**Supplied material**
###
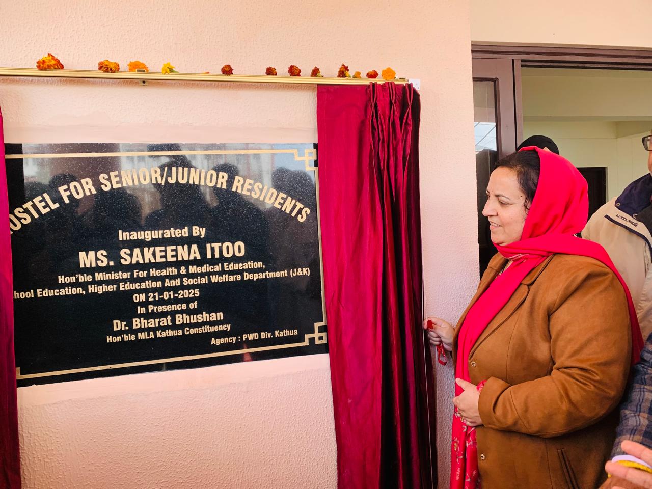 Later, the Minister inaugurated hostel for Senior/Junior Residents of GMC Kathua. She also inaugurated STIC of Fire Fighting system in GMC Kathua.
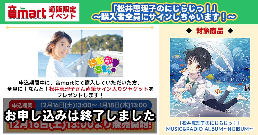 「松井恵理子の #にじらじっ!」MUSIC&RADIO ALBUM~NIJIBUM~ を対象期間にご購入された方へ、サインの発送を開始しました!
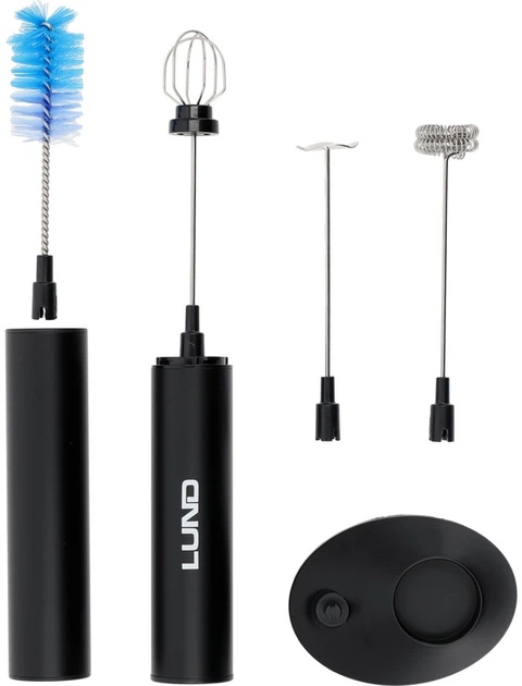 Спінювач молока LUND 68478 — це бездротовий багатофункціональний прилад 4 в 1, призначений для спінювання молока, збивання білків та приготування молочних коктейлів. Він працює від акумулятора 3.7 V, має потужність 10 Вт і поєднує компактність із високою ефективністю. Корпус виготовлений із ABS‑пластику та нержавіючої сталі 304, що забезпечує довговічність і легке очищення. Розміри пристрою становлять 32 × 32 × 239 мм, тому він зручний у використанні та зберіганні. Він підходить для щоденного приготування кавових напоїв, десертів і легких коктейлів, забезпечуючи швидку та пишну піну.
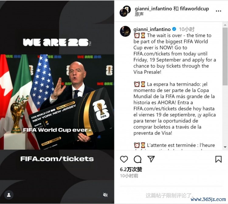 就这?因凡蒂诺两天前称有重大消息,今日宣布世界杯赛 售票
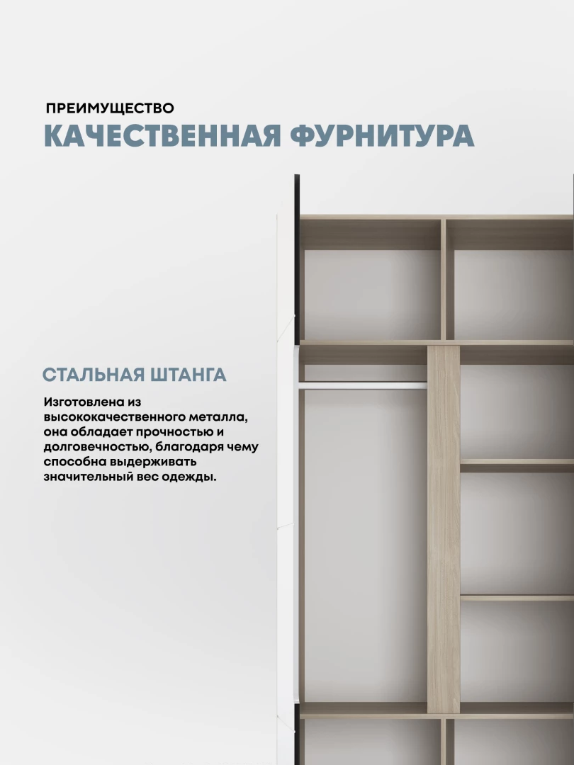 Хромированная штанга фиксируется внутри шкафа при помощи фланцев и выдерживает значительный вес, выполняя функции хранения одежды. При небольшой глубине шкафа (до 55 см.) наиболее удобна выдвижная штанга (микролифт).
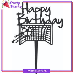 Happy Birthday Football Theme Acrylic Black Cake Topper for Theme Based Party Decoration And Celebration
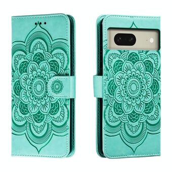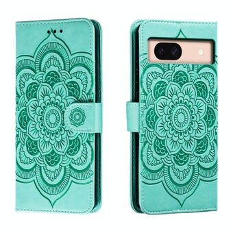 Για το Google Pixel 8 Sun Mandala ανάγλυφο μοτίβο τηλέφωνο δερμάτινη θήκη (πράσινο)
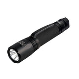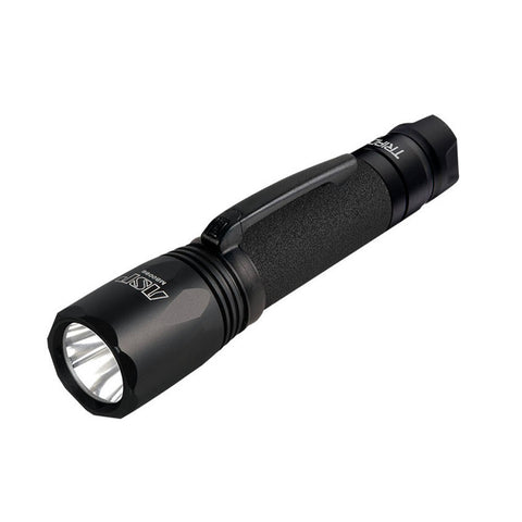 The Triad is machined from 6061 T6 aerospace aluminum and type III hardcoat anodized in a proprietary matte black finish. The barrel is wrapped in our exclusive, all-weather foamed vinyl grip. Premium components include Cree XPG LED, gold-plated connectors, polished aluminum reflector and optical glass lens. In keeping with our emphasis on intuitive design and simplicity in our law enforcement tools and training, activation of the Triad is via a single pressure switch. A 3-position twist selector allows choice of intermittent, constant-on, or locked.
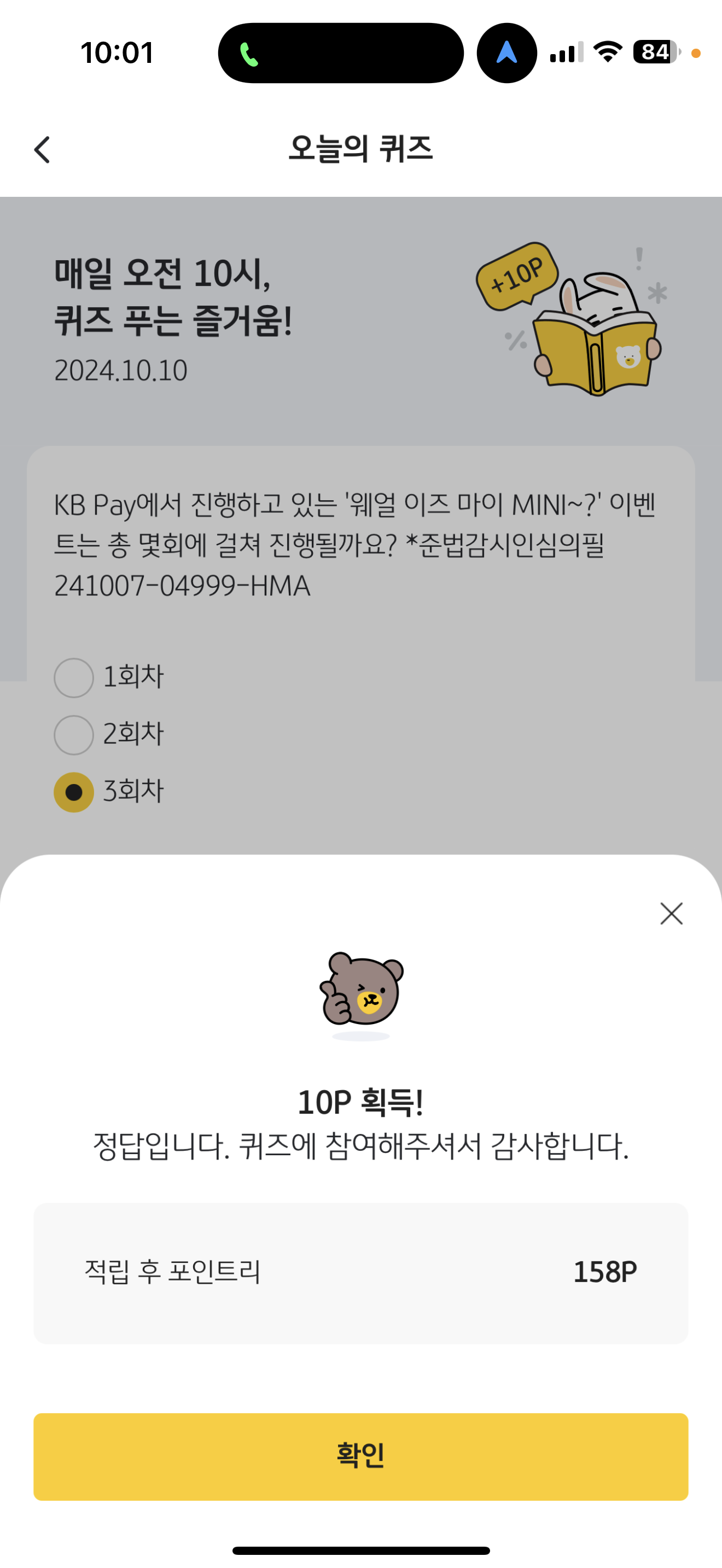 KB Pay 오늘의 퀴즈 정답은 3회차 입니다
###
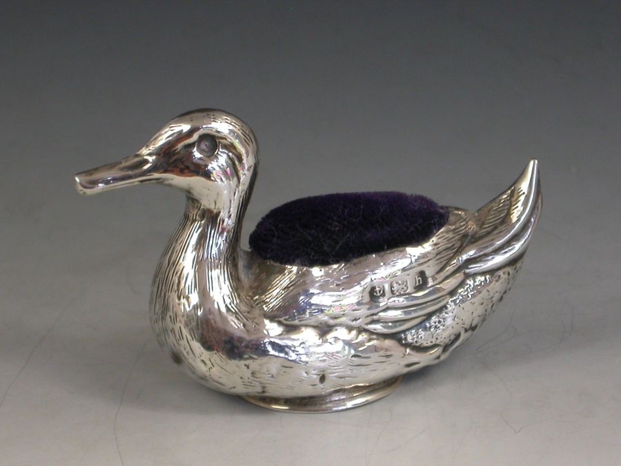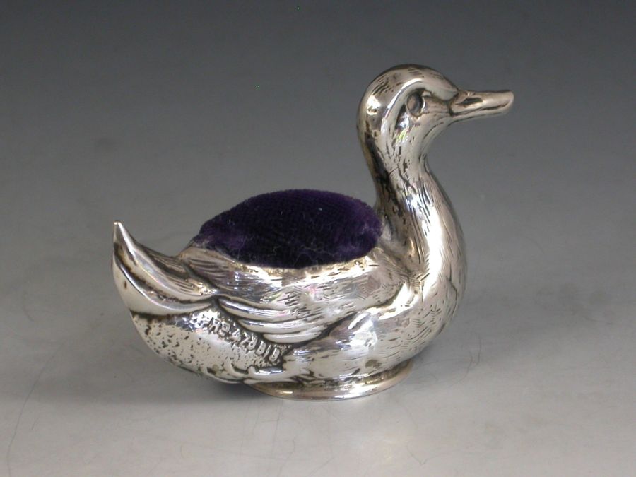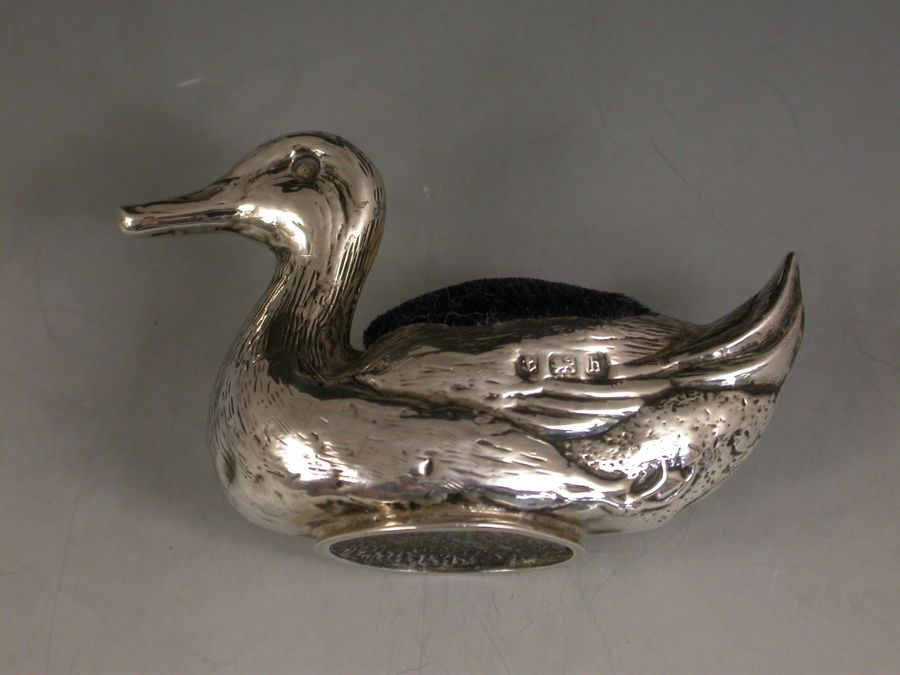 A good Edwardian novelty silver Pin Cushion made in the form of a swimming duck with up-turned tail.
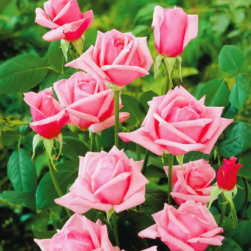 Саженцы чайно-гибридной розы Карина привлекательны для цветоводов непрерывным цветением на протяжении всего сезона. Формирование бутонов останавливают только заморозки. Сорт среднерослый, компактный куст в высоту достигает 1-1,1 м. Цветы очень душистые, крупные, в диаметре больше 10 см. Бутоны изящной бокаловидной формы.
###
Would you output only the span of the records above that opens with the line containing "Later, the Minister" and closes with the line containing "Για το Google", ends included and pictures dropped?

**The answer**
 Later, the Minister inaugurated hostel for Senior/Junior Residents of GMC Kathua. She also inaugurated STIC of Fire Fighting system in GMC Kathua.
 「松井恵理子の #にじらじっ!」MUSIC&RADIO ALBUM~NIJIBUM~ を対象期間にご購入された方へ、サインの発送を開始しました!
 Спінювач молока LUND 68478 — це бездротовий багатофункціональний прилад 4 в 1, призначений для спінювання молока, збивання білків та приготування молочних коктейлів. Він працює від акумулятора 3.7 V, має потужність 10 Вт і поєднує компактність із високою ефективністю. Корпус виготовлений із ABS‑пластику та нержавіючої сталі 304, що забезпечує довговічність і легке очищення. Розміри пристрою становлять 32 × 32 × 239 мм, тому він зручний у використанні та зберіганні. Він підходить для щоденного приготування кавових напоїв, десертів і легких коктейлів, забезпечуючи швидку та пишну піну.
 就这?因凡蒂诺两天前称有重大消息,今日宣布世界杯赛 售票
 Хромированная штанга фиксируется внутри шкафа при помощи фланцев и выдерживает значительный вес, выполняя функции хранения одежды. При небольшой глубине шкафа (до 55 см.) наиболее удобна выдвижная штанга (микролифт).
 Happy Birthday Football Theme Acrylic Black Cake Topper for Theme Based Party Decoration And Celebration
 Για το Google Pixel 8 Sun Mandala ανάγλυφο μοτίβο τηλέφωνο δερμάτινη θήκη (πράσινο)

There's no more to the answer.